= Rebecca Minot Prescott =

Wife of Roger Sherman (1742–1813)

Rebecca Minot Prescott (1742 – 1813) was the second wife of United States Founding Father Roger Sherman.

She was the daughter of Benjamin and Rebecca Minot Prescott from Salem, Massachusetts; the niece of Roger Sherman’s brother Rev. Josiah Sherman, and the second cousin once removed of Colonel William Prescott.

Rebecca married Roger Sherman on May 12, 1763. She was his second wife. His first wife, Elizabeth Hartwell, died during childbirth.
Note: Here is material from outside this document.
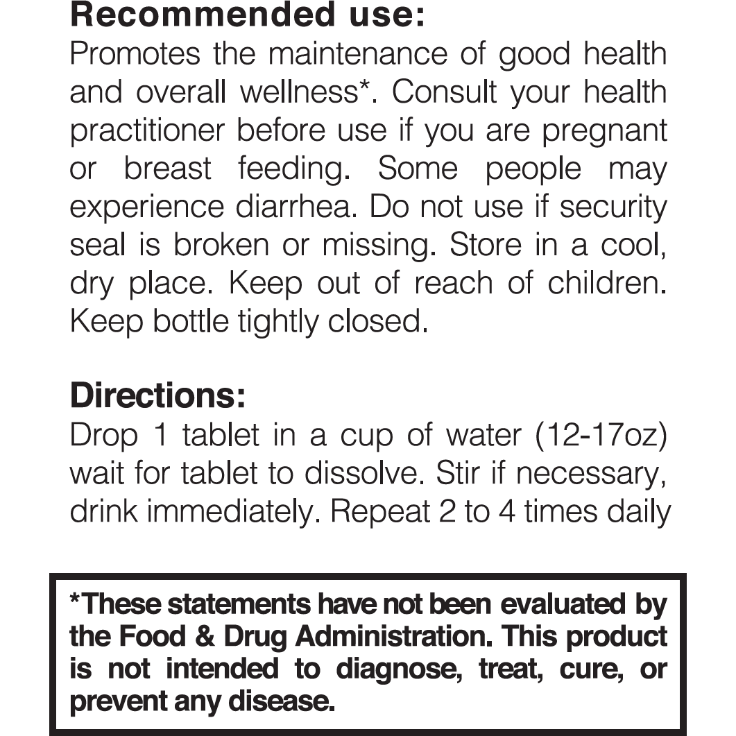 Drop one tablet in a cup of water (12-17 oz), wait for the tablet to dissolve. Stir if necessary, drink immediately. Repeat 2 to 4 times daily.

US flag designer Betsy Ross allowed Rebecca Sherman the privilege of sewing on three of the flag’s stars. Rebecca then requested, and was chosen to make, the first official flag of the State of Connecticut

Rebecca Sherman became the mother of eight of Roger's fifteen children: Rebecca, Elizabeth, Roger, Mehitabel, Mehitabel, Oliver, Martha, and Sarah. Of those eight children:

- Rebecca (Sherman) Baldwin, wife of Simeon Baldwin, the mother of Roger Sherman Baldwin, a Governor of Connecticut and a United States Senator, and grandmother of Simeon E. Baldwin a Governor of Connecticut and Chief Justice of the Connecticut Supreme Court.
- Elizabeth (Sherman) Burr Baldwin, the second wife of Simeon Baldwin.
- Roger Sherman, Jr. was a 1787 graduate of Yale College and served in the Connecticut General Assembly, 1810–1811.
- Mehitabel (Sherman) Barnes Evarts, wife of Jeremiah Evarts, became the mother of William Maxwell Evarts, a United States Attorney General, Secretary of State and Senator for New York
- Martha (Sherman) Day, wife of Jeremiah Day, became the mother of California State Senator and University of California founding trustee Sherman Day.
- Sarah (Sherman) Hoar, wife of Samuel Hoar, was the mother of George Frisbie Hoar a United States Senator for Massachusetts, and Ebenezer Rockwood Hoar also a United States Attorney General and Massachusetts Supreme Judicial Court Justice.